Wright was a protean creator who inspired entire movements around the world. He called his leaded glass at the Coonley Playhouse "the first Mondrians," and in a sense he was right: His architecture had a tremendous influence on architecture and design in Holland. It directly inspired Mondrian's friends, especially Van Doesburg, and can be credited as an influence on the direction Mondrian's painting took. Mondrian's statement "The more the natural is abstracted, the more pronounced is the relationship" is one Wright would have agreed with.

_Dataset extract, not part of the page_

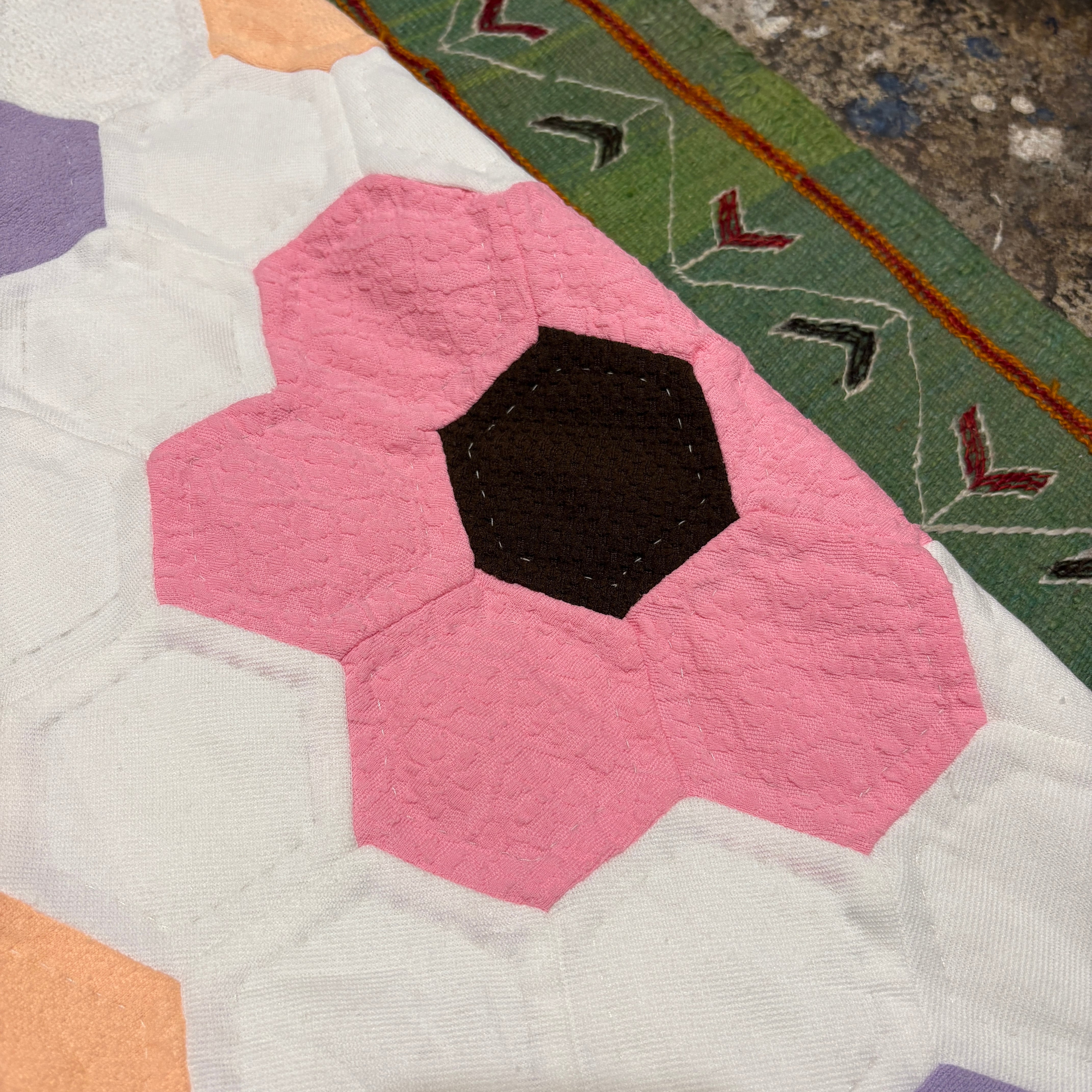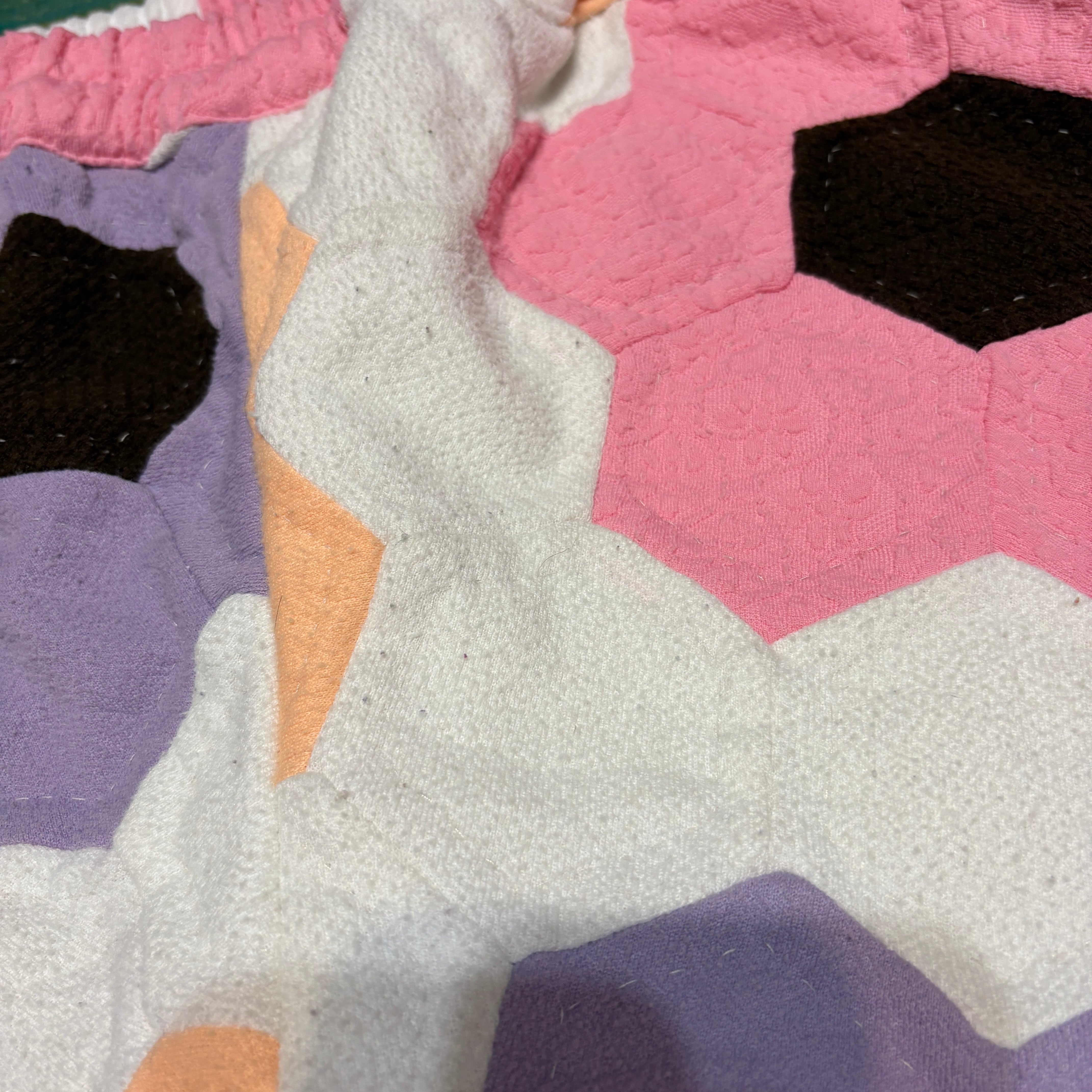 素材感から、表面はcottonやpolyester、中綿と裏地はpolyesterだと思われます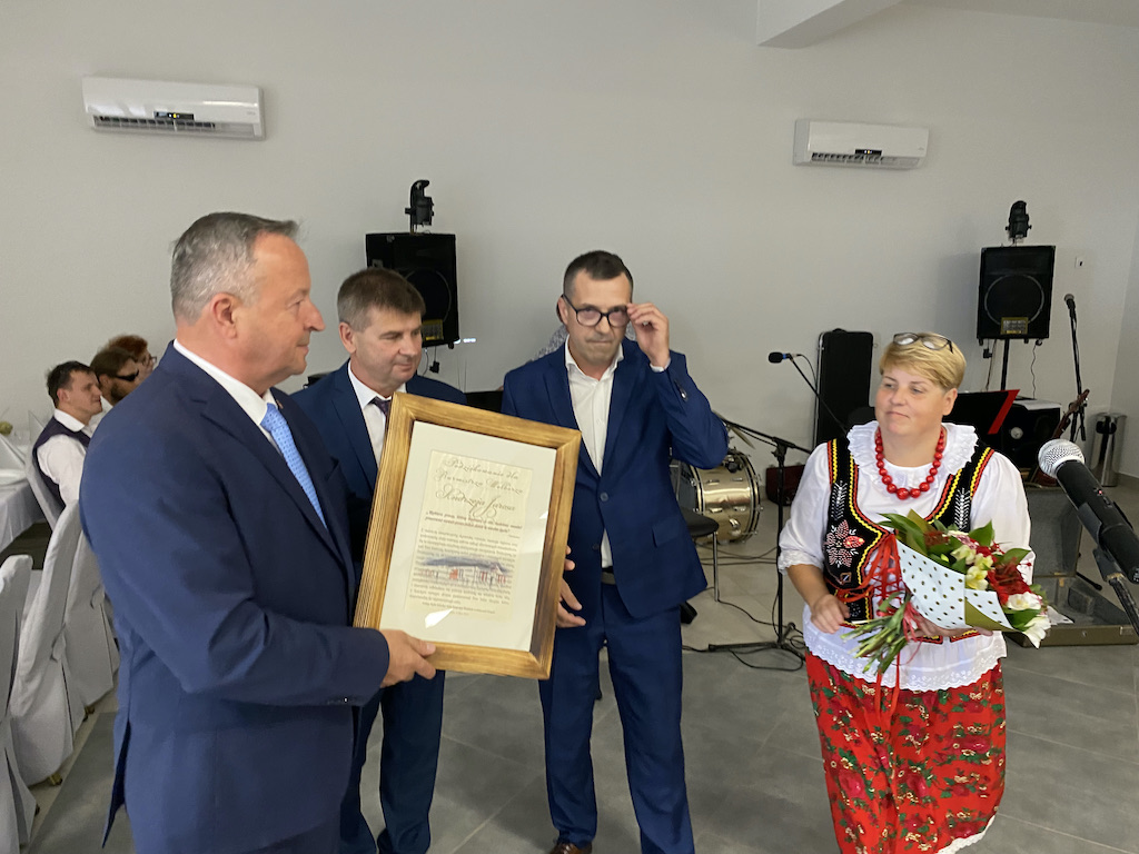 W imieniu mieszkańców podziękowania za inwestycje na ręce Posła, Wicemarszałka, Wicestarosty i Burmistrza Wolborza Andrzeja Jarosa złożyli wspólnie Sołtys Zbigniew Klewin i Małgorzata Pościk przewodnicząca KGW.

Wright's example, and the exuberant creativity of Gaudi's work, showed how art and building could blend. Architecture has long been Chicago's most powerful art form. And it's all pervasive: In Chicago it's impossible not to be strongly affected by architecture.
Later, when I taught on the faculty of the School of the Art Institute in the "Time Arts" department, I blended art, architecture, with other arts such as painting, film, and dance. The Russian film director Sergei Eisenstein, like many filmmakers at the time, had been trained as an architect before becoming a filmmaker. Eisenstein diagrammed his films with graphic scores that indicate how camera movement, image movement, musical score, script, and tone interrelate through time. This suggested parallels with architecture, considering movement in time, and became a basis for my approach to teaching architecture to art students. I even taught a few classes in tandem with the dance department. Many choreographers have felt that dance and architecture share the same concern: this shared concern is space. Dancing bodies and architecture both shape and manipulate space. The director of the dance department at the time, Tom Jaremba, had read the work of a Viennese philosopher who said that architecture and dance were the only true art forms. (Ezra Pound similarly described the primacy of dance when he wrote, "... music begins to atrophy when it departs too far from the dance; that poetry begins to atrophy when it gets too far from music; but this must not be taken as implying that all good music is dance music or all poetry lyric. Bach and Mozart are never too far from physical movement.") So we co-taught some classes that explored movement, architecture, and dance. Other classes I taught focused more directly on painting and drawing.
For as long as I can remember I've drawn and painted. I've always been interested in many things, and drawing has been a way to explore and understand them. In grade school my interests and drawings ranged from dinosaurs, rocks and minerals, birds, insects, fish, airplanes, plants, and war. I spent countless hours drawing and painting: mucking around with paint, making shapes and images. Young children draw and paint a lot: far more than adults. The impulse to draw and paint, to depict things seen or imagined, seems innate. The computer encourages copying images by replicating them. Importing and replicating images wholesale, and not drawing them from scratch, is not the same thing, and does not engage with things the same way drawing does. Once you draw a thing you possess it in a way that you don't when you look at a picture, take a photograph, or use photomechanics instead of hand drawing to copy an image.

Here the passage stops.